- _Aim of the task_:
The listing below is to be copied exactly, with pictures excluded.

- _Provided data_:

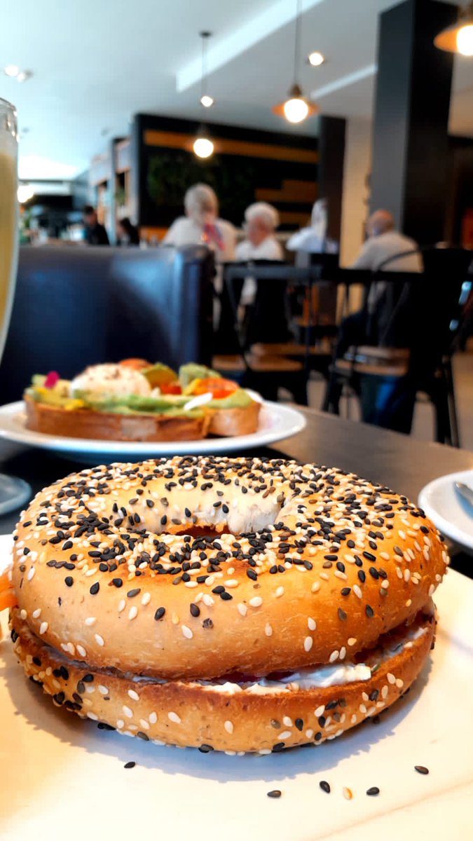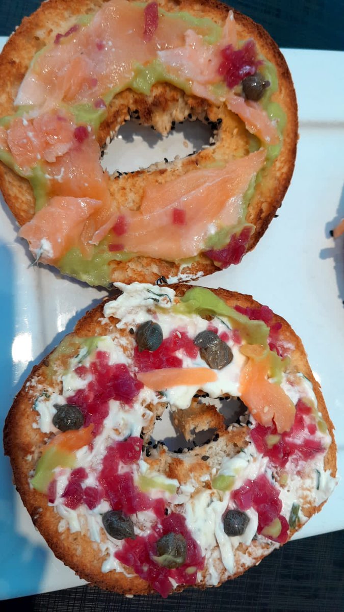 BAGEL DE SALMÓN: salmón ahumado, cebolla morada, alcaparras, queso crema con ciboulette y palta. El bagel es suave al morderlo, está tostado y tiene semillitas de sésamo negro y blanco. La combinación ácida y agria del pickle de cebolla con el salmón, el queso blanca, las alcaparras y la palta es celestial. $3900 (*). Vienen dos, es muy buena la porción.
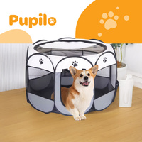 Pupilo Składany Przenośny Kojec Dla Kota Psa Szary z Okienkami 70 x 70 x 45 cm
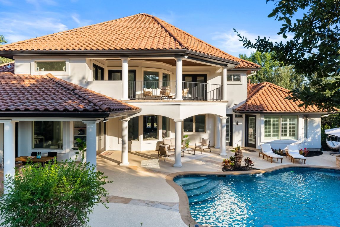 The main level includes a spacious primary suite and a full guest suite with its own bath, ideal for flexible or multigenerational living. Upstairs, three additional bedrooms, two full baths, and a grand balcony offer space for guests or family. Outside, the pool, spa, and cascading waterfall are surrounded by mature landscaping that enhances the sense of calm and connection.
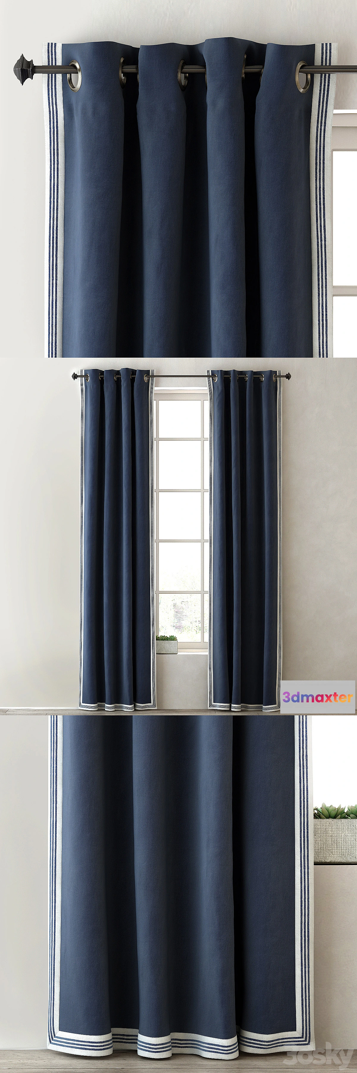Direct curtains in the room boy in three colors TICKING STRIPE BORDER DRAPERY PANEL and cornice CLASSIC OIL-RUBBED BRONZE from Restoration Hardware. Turbosmooth (not folded stack). Scan Unwrap UVW configured. The archive contains a file with the materials. Textures and materials have an individual name in English. My Other models http://3dsky.org/users/scion/models quick render!
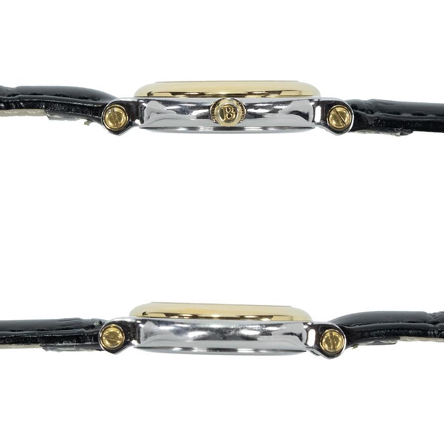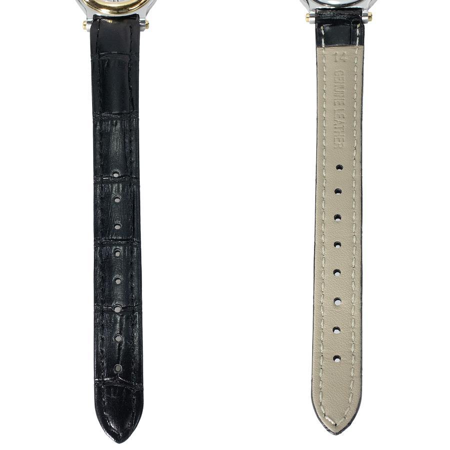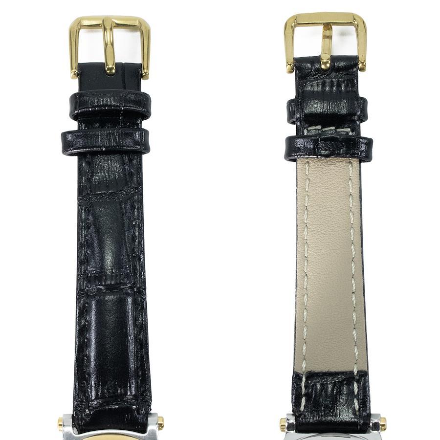 シックなブラックの革ベルトが、時計全体の印象をぐっと引き締め、知的な手元を演出いたします。
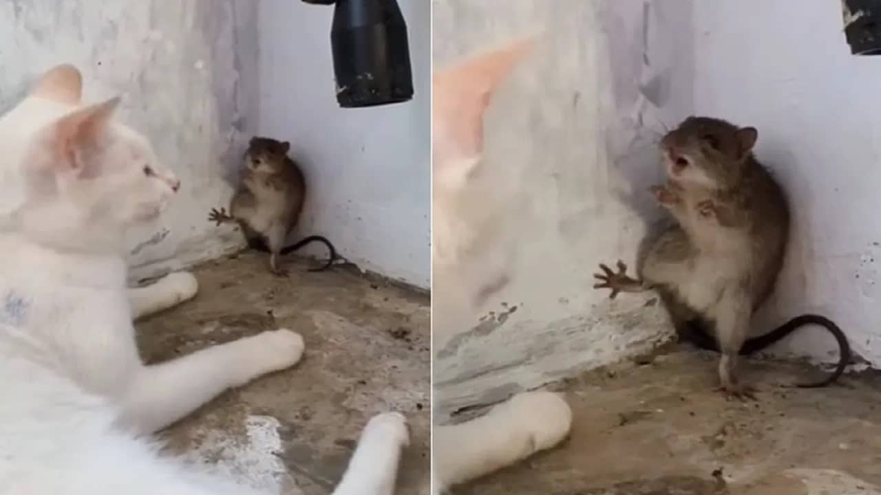 সোশ্যাল মিডিয়ায় ভাইরাল হওয়া এই ভিডিয়োয় দেখা যাচ্ছে, একটি সাদা বিড়াল বসে আছে এবং তার সামনে একটি ইঁদুর ভয়ে দেওয়ালের কোণে লুকিয়ে আছে। তার অভিব্যক্তি দেখে মনে হচ্ছে সে খুব ভয় পেয়েছে এবং চিৎকার করার চেষ্টা করছে। একটি হিংস্র বন্য প্রাণীকে দেখে মানুষ যেভাবে আতঙ্কিত হয়, এই দৃশ্যটি ঠিক সেই রকমই। এই ভাইরাল ভিডিয়োটি কোথাকার, সে সম্পর্কে কোনও তথ্য পাওয়া যায়নি। তবে যে ব্যক্তি এটি সোশ্যাল মিডিয়ায় শেয়ার করেছেন তার প্রোফাইল এবং ভাষা দেখে মনে হচ্ছে এই ভিডিয়োটিমালয়েশিয়া, ইন্দোনেশিয়া, ব্রুনাই বা সিঙ্গাপুরের হতে পারে।
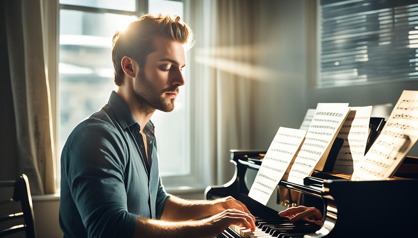 Unlock your musical creativity and start a rewarding journey of music composition. This guide is for both beginners and experienced musicians. It will give you the tools and techniques to make your own music. You’ll learn the basics of music theory for composers and how to set up a home recording studio setup. You’ll also discover how to write your own creative songwriting and produce your own DIY music.

- _Answer space_:
 BAGEL DE SALMÓN: salmón ahumado, cebolla morada, alcaparras, queso crema con ciboulette y palta. El bagel es suave al morderlo, está tostado y tiene semillitas de sésamo negro y blanco. La combinación ácida y agria del pickle de cebolla con el salmón, el queso blanca, las alcaparras y la palta es celestial. $3900 (*). Vienen dos, es muy buena la porción.
 Pupilo Składany Przenośny Kojec Dla Kota Psa Szary z Okienkami 70 x 70 x 45 cm
 The main level includes a spacious primary suite and a full guest suite with its own bath, ideal for flexible or multigenerational living. Upstairs, three additional bedrooms, two full baths, and a grand balcony offer space for guests or family. Outside, the pool, spa, and cascading waterfall are surrounded by mature landscaping that enhances the sense of calm and connection.
Direct curtains in the room boy in three colors TICKING STRIPE BORDER DRAPERY PANEL and cornice CLASSIC OIL-RUBBED BRONZE from Restoration Hardware. Turbosmooth (not folded stack). Scan Unwrap UVW configured. The archive contains a file with the materials. Textures and materials have an individual name in English. My Other models http://3dsky.org/users/scion/models quick render!
 シックなブラックの革ベルトが、時計全体の印象をぐっと引き締め、知的な手元を演出いたします。
 সোশ্যাল মিডিয়ায় ভাইরাল হওয়া এই ভিডিয়োয় দেখা যাচ্ছে, একটি সাদা বিড়াল বসে আছে এবং তার সামনে একটি ইঁদুর ভয়ে দেওয়ালের কোণে লুকিয়ে আছে। তার অভিব্যক্তি দেখে মনে হচ্ছে সে খুব ভয় পেয়েছে এবং চিৎকার করার চেষ্টা করছে। একটি হিংস্র বন্য প্রাণীকে দেখে মানুষ যেভাবে আতঙ্কিত হয়, এই দৃশ্যটি ঠিক সেই রকমই। এই ভাইরাল ভিডিয়োটি কোথাকার, সে সম্পর্কে কোনও তথ্য পাওয়া যায়নি। তবে যে ব্যক্তি এটি সোশ্যাল মিডিয়ায় শেয়ার করেছেন তার প্রোফাইল এবং ভাষা দেখে মনে হচ্ছে এই ভিডিয়োটিমালয়েশিয়া, ইন্দোনেশিয়া, ব্রুনাই বা সিঙ্গাপুরের হতে পারে।
 Unlock your musical creativity and start a rewarding journey of music composition. This guide is for both beginners and experienced musicians. It will give you the tools and techniques to make your own music. You’ll learn the basics of music theory for composers and how to set up a home recording studio setup. You’ll also discover how to write your own creative songwriting and produce your own DIY music.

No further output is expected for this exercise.